Records from a data source
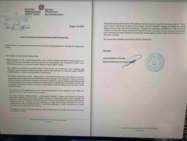 Il KIC, una delle istituzioni culturali più rilevanti della Macedonia del Nord, ha ufficialmente invitato l’artista, e il collettivo da lui diretto, per la realizzazione di un progetto transmediale che segna l'inizio di un "ponte culturale”tra Italia e Macedonia del Nord attraverso la musica, il teatro e il cinema.
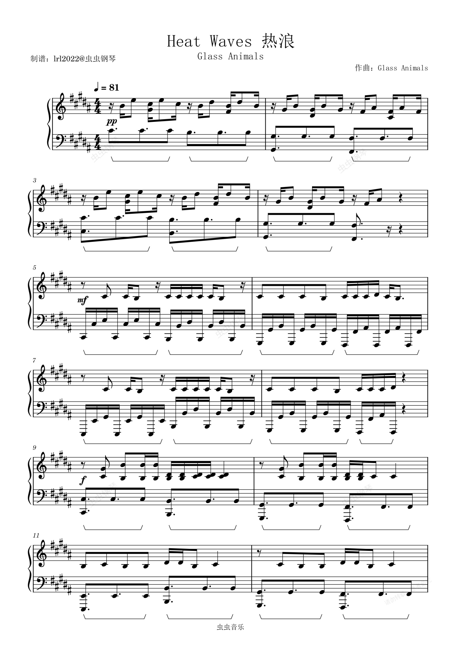 钢琴谱:Heat Waves - 热浪 - Glass Animals - 钢琴独奏
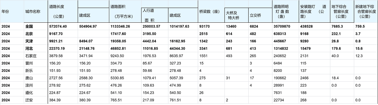 2024各城市道路长度
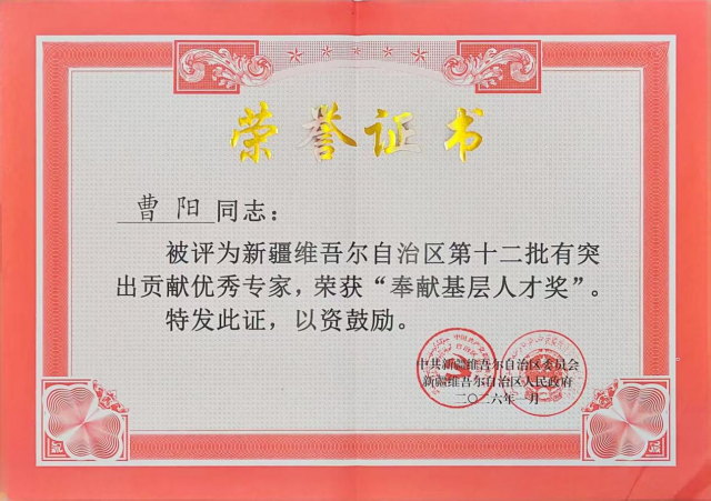 近日,自治区第十二批有突出贡献专家表彰大会在乌鲁木齐隆重举行,受表彰的专家名单揭晓,兵团第五师农业科学研究所所长曹阳获此殊荣。
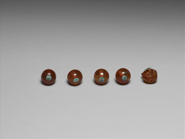 橘紅色松香掛料鈕子,圓球狀,有通心穿,金屬條貫穿其間,固定了通心穿兩端的壽字紋金屬飾片。金屬條一端為兩層瓣花形飾片,一端亦見兩層瓣花形飾片,金屬條伸出拗彎如鉤狀,並接連一如意雲頭狀飾片,金屬飾片皆飾點翠,雖局部點翠有脫落的現象,但整器仍有如一顆顏色對比亮眼的果實,一起吸引人們的目光。
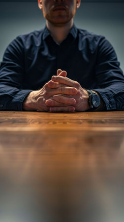 Fingers tapping anxiously on a table, waiting for news, tension in the air
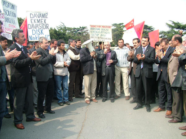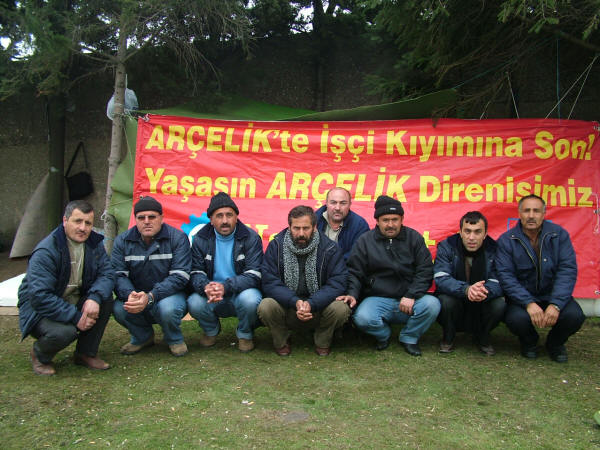 DİSK’e bağlı Nakliyat-İş Sendikası’nda örgütlendikleri için işten çıkarılan Arçelik-Yıldıran işçilerinin direnişi sürüyor. İstanbul-Nakkaştepe’deki Koç Holding binası önünde çadır kuran Arçelik / Yıldıran işçilerine 4 Nisan’da Alman Sendikalar Birliği (DGB) Genel Başkanı Michael Sommer destek ziyaretinde bulundu. ÖDP Genel Başkanı ve İstanbul Milletvekili Ufuk Uras, DİSK Genel Başkan Yardımcısı İsmail Yurtseven, Deri-İş Genel Başkanı Musa Servi, Birleşik Metal-İş Başkanı Adnan Serdaroğlu, Petrol-İş Genel Mali Sekreteri İbrahim Doğangül ve Genel Örgütlenme ve Eğitim Sekreteri Nimetullah Sözen’in de işçileri ziyareti sırasında konuşan Nakliyat-İş Genel Başkanı Ali Rıza Küçükosmanoğlu, Arçelik-Yıldıran işçilerinin Anayasa ve yasalardan doğan haklarını kullanarak örgütlenmeye çalıştıklarını söyledi. Küçükosmanoğlu ancak Koç Holding ve Arçelik işvereninin işçilerin örgütlenme özgürlüklerini engelleyerek Anayasal ve yasal suç işlediklerini belirtti. Küçükosmanoğlu,” Sermayenin en büyüğünün de diğerlerinin de sendikalarda örgütlenen işçilere gösterdikleri tavır aynı. Arçelik’in bu işyerindeki örgütlenmeye saygı göstermesi gerekir. Arçelik, işçileri Türk-Metal’e üye yaptı. Üyelerimize de hala, gelin çalışın diye dayatıyorlar. Bu kabul edilemez” dedi.

**ABOUT THIS TASK:** Would you please repeat all the data word for word, but without the pictures?

**SOLUTION TO THE PROBLEM:**
 Il KIC, una delle istituzioni culturali più rilevanti della Macedonia del Nord, ha ufficialmente invitato l’artista, e il collettivo da lui diretto, per la realizzazione di un progetto transmediale che segna l'inizio di un "ponte culturale”tra Italia e Macedonia del Nord attraverso la musica, il teatro e il cinema.
 钢琴谱:Heat Waves - 热浪 - Glass Animals - 钢琴独奏
 2024各城市道路长度
 近日,自治区第十二批有突出贡献专家表彰大会在乌鲁木齐隆重举行,受表彰的专家名单揭晓,兵团第五师农业科学研究所所长曹阳获此殊荣。
 橘紅色松香掛料鈕子,圓球狀,有通心穿,金屬條貫穿其間,固定了通心穿兩端的壽字紋金屬飾片。金屬條一端為兩層瓣花形飾片,一端亦見兩層瓣花形飾片,金屬條伸出拗彎如鉤狀,並接連一如意雲頭狀飾片,金屬飾片皆飾點翠,雖局部點翠有脫落的現象,但整器仍有如一顆顏色對比亮眼的果實,一起吸引人們的目光。
 Fingers tapping anxiously on a table, waiting for news, tension in the air
 DİSK’e bağlı Nakliyat-İş Sendikası’nda örgütlendikleri için işten çıkarılan Arçelik-Yıldıran işçilerinin direnişi sürüyor. İstanbul-Nakkaştepe’deki Koç Holding binası önünde çadır kuran Arçelik / Yıldıran işçilerine 4 Nisan’da Alman Sendikalar Birliği (DGB) Genel Başkanı Michael Sommer destek ziyaretinde bulundu. ÖDP Genel Başkanı ve İstanbul Milletvekili Ufuk Uras, DİSK Genel Başkan Yardımcısı İsmail Yurtseven, Deri-İş Genel Başkanı Musa Servi, Birleşik Metal-İş Başkanı Adnan Serdaroğlu, Petrol-İş Genel Mali Sekreteri İbrahim Doğangül ve Genel Örgütlenme ve Eğitim Sekreteri Nimetullah Sözen’in de işçileri ziyareti sırasında konuşan Nakliyat-İş Genel Başkanı Ali Rıza Küçükosmanoğlu, Arçelik-Yıldıran işçilerinin Anayasa ve yasalardan doğan haklarını kullanarak örgütlenmeye çalıştıklarını söyledi. Küçükosmanoğlu ancak Koç Holding ve Arçelik işvereninin işçilerin örgütlenme özgürlüklerini engelleyerek Anayasal ve yasal suç işlediklerini belirtti. Küçükosmanoğlu,” Sermayenin en büyüğünün de diğerlerinin de sendikalarda örgütlenen işçilere gösterdikleri tavır aynı. Arçelik’in bu işyerindeki örgütlenmeye saygı göstermesi gerekir. Arçelik, işçileri Türk-Metal’e üye yaptı. Üyelerimize de hala, gelin çalışın diye dayatıyorlar. Bu kabul edilemez” dedi.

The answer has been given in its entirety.